A2. Generalized Linear Models for Insurance Rating Flashcards
Problems with one-way analysis rating
- Can be distorted by correlations between rating variables
- youth are more concentrated in some areas => territory and age are correlated - Does not consider interdependencies/interactions between rating variables
- youth+sport is extra risky, but eldery+sport is extra careful => sport interacts with age
Problems with minimum bias rating
- Lack of statistical framework to asses quality of model:
- 1 cannot test significance of a variable
- 2 no credibility ranges for parameters ( glm can provide confidence interval)

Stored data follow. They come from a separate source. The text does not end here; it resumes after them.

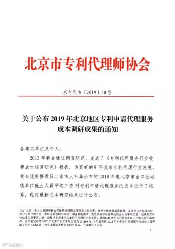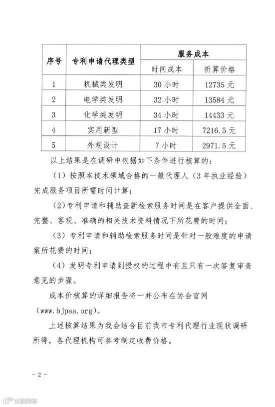 各相关单位及个人: 2013年我会通过调查研究,完成了《专利代理服务行业收费成本核算研究》报告,为更好的引导我市专利代理行业发展,我会现根据近日北京市人社局公布的2018年度北京市全口径城镇单位就业人员平均工资[1]对专利申请代理服务的成本进行了核算,现对最新成本研究结果进行公布:
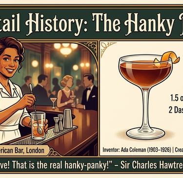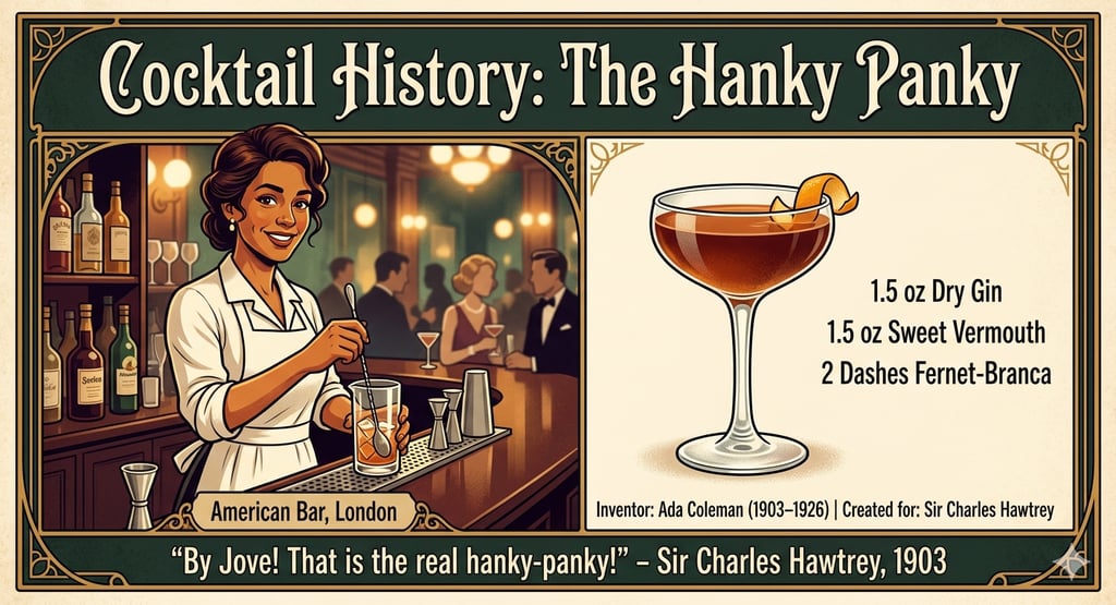 The Hanky Panky cocktail was created in the early 20th century by Ada Coleman, a pioneering bartender at the Savoy Hotel in London. This iconic drink is a delightful blend of sweet vermouth, gin, and a unique ingredient: Fernet-Branca, an Italian digestif known for its complex, bitter flavor. The creation of this cocktail can be traced back to a legendary moment when a distinguished guest, Sir Charles Henry Gill, requested something new from Coleman. Inspired by his desire for an adventurous cocktail, she creatively combined these ingredients, giving birth to what would become the Hanky Panky.
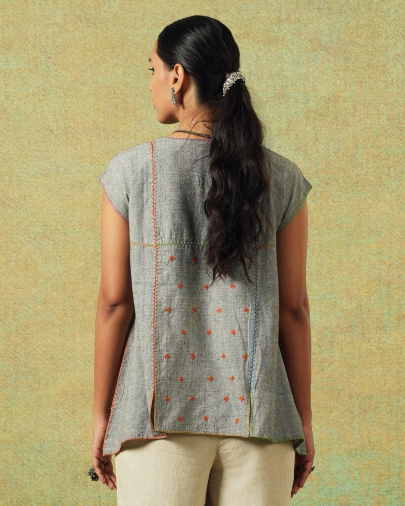 Sleeveless Top Dupion Silk Hand Embroidery Blue

- Iterative calculations are computationally inefficient
Assumptions in classical linear/additive models
- all observations are independent
- observations are normally distributed
- each risk group has constant variance
- effects are additive: mean is a linear combination of covariates
2 limitations of classical linear/additive models
- difficult to assert normality and constant variance of response variables
- if Y>0 => then not normal
- if Y>0 and E(Y) tends to 0 => then Var(Y) tends to 0 (not constant) - mean is not always a linear combination of covariates
- many insurance risks tend to vary multiplicately with rating variables
- additive assumptions are not realistic for insurance applications
Assumptions in GLMs
- all observations are independent
- observations distribution is from the exponential family
- link function is differentiable and monotonic
- effects may be non-linear: mean is the inverse of the link function, which is a linear combination of covariates
So no longer tie to :
- NORMALITY Assumption
- CONSTANT VARIANCE Assumption
- ADDITIVITY OF EFFECTS Assumption
pro : Adjusts for correlation, with less restrictive assumptions to classical linear models
con : Often difficult to explain results
How to transform an additive model in a multiplicative rating plan
log link function
Advantages of GLMs with log link rating plan as compared to additive model
- simple and practical to implement ***
- guarantee positive premiums
- multiplicative impact of risk characteristic more intuitive
Advantages/disadvantages of modeling frequency and severity separately
Advantages:
-more insight/intuition about the impact of each predictor
- more stability of both models since a predictor affecting only frequency may be diluted in a pure premium model
- less overfitting since a predictor affecting only frequency may also catch up the noise of severity in a pure premium model
- frequency may not move in the same direction as severity but that is a strong assumption of Tweedie/pure premium models
Disadvantages:
- more detailed data required => may not be available
- need to build 2 models => more time
Why coverage related variables (deductible, limit) should be first priced outside of GLMs
- Violation of Tweedie assumption: frequency and severity never move in the same direction for those variables. if higher deductible => frequency decrease, severity increase
- Counterintuitive results: may indicate a lower rate for higher coverage
- 1 if correlations with other variables outside the model
- 2 if adverse selection of insureds self-selecting higher deductible because they know they have higher loss potential and want to reduce the prm
- 3 if underwriters forcing high risk insureds to select higher deductibles
*Deductible relativities should be determined based purely on loss elimination, outside of GLM model. Then included in the GLM model as an offset in the log link function ( + ln ( relativities))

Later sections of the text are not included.